On April 1, we were joined via Skype by Mark Ravina, professor of history at Emory University. Mark researches Japanese political history in the latter half of the 19th century. He told us about his recent text analysis work involving 19th-century Japanese history, and also with a student on the recent student protests involving race at various universities around the United States. We’ll be following up with Mark on his research in the Fall 2016 WORD LAB lineup.
Basics and Context
He’s been using the same tools for several different projects, and moving between close and distant reading – although wants to go beyond a kind of simple computational linguistics. In 1870s Japanese political documents, old words take on new meanings and we find a number of neologisms. For example, classical Chinese terms change meaning over time and find new usages. We find a kind of hybrid language in these documents, with different discourses in competition. Mark is also interested in how language maps power in these documents.
The sources that Mark works with (petitions to the Emperor in the 1870s) been neglected. He’s had some student employees scan the documents from a reprint series (typeset in modern type; important because 19th-century documents cannot really be OCRed), and put a priority on getting metadata in the database as well.
Mark has been using FileMaker Pro in conjunction with R to analyze the documents. He’s been looking at semantically-rich terms, where they appear, and what other words they tend to appear with. For example, the word “jiyū 自由”, which now means “freedom,” at this time had the connotation of “wanton” or “reckless”/”selfish.” It’s important to take a look at how the words were actually being used at the time, rather than going with current (and anachronistic) definitions, and Mark’s analysis can give us a way to find out the historical definitions and connotations of these key words.
Concretely, Mark has had a work study student scan the documents to PDFs, then uses Mac Automator to clean up page numbers and headers. They then run the documents through the Japanese OCR software eTypist. Finally, Mark puts the text of the OCRed PDFs and also metadata for each document into a custom FileMaker Pro database. One challenge has been capturing semantically rich data like carriage returns (which R reads as the start of a new element in a list), which make references to the Emperor appear at the top of a line in order to show respect. Mark ended up preserving a version of the text with the carriage returns, and one version with all of the text together.
One finding that came out of the research so far is that these documents have been held up as the beginning of democracy in Japan. Mark found that there was a sense that “you can tell the government what you think about anything” in the explosion of petitions in the 1870s — for example, the petitions include things such as “women shouldn’t blacken their teeth” in addition to what we’d consider more political or meaningful topics, and what we’d expect from our perspective now. The petitions run up to about 1881-1882, when the government declared that they would “give” the people a parliament — which would presumably give the people an alternative outlet to communicate with the government and gain representation.
The metadata for each document includes geography (not the neatest data — the petition may be from one place but talk about another), as well as author information. One challenge has been that many authors use pseudonyms, and Mark has set up a separate table in FMP that captures the alternative names, then joins it with the main tables. Other metadata includes whether the author was a member of an association; year (converted to Western years in R); the archive the petition came from; and prefecture.
OCR and Machine Learning
There are some major OCR problems even with modern typeset documents that Mark encountered; specifically he notes the notation 々 for signaling repeated words, and the confusion between the character for “2” (二) and the katakana syllable “ni” ニ. He used machine learning (R Weka) to train his OCR software to recognize the difference between the latter. He gave R Weka 50 sentences that he had proofread, and was surprised to find that it gave over 90% accuracy just training on this data. The characters before and after the syllable/character are enough to distinguish between the number and particle. So, context was enough to train the software well to make the distinction, even with a small training set. Of course, this worked much better on documents that had been scanned and OCRed accurately to begin with.
One WORD LAB participant wondered if this procedure would also work on the “long S” in 18th-century texts. Could the right algorithm theoretically take any text from any period and improve the character recognition?
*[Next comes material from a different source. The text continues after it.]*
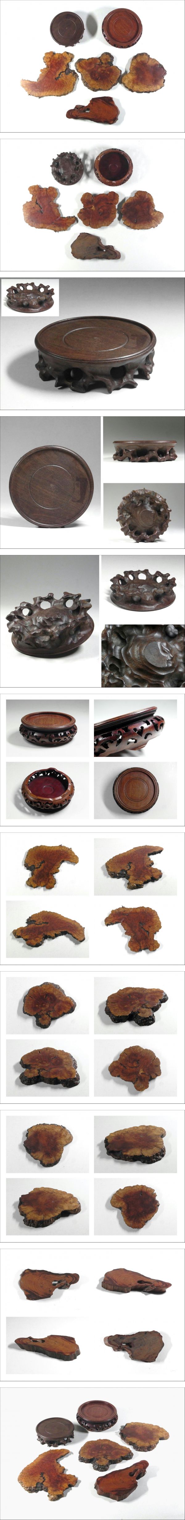 | 商品説明 | 中国美術 瘤杢 円形 黄花梨 瘤花梨 紫檀 香炉台 盆栽台 花台 6個です。 多少の汚れ・擦れ等は御座いますが、状態は良好です。 とても木目・形の良い、見映えのする花台です。 [サイズ] 根木・・・直径10.3cm 高さ3cm 重量174.4g 透かし・・直径cm 高さ4cm 重量139.1g 1・・・・横幅17.3cm 奥行14cm 厚さ0.8cm 重量83.3g 2・・・・横幅14.3cm 奥行12.7cm 厚さ1.3cm 重量114.5g 3・・・・横幅13.8cm 奥行12.4cm 厚さ1.2cm 重量109.7g 4・・・・横幅16cm 奥行8.2cm 厚さ1.4cm 重量65.2g |

Another participant had a question about how well R tokenizes Japanese texts, and also if Mark had split up the documents or worked with one huge corpus, and how R had handled it if the latter. He noted that R does a fairly good job tokenizing, and that the petitions aren’t too large, so he hasn’t run into problems. The participant had been trying to work with a 1.2 GB text corpus and having no success with Topic Modeling Tool and Voyant Server (which are both Java programs) so was wondering if R would work better.
As for the student project that Mark worked with, they scraped student protest demands from various schools as well as university responses. You can find the visualizations of the words used by students and administrators at their site.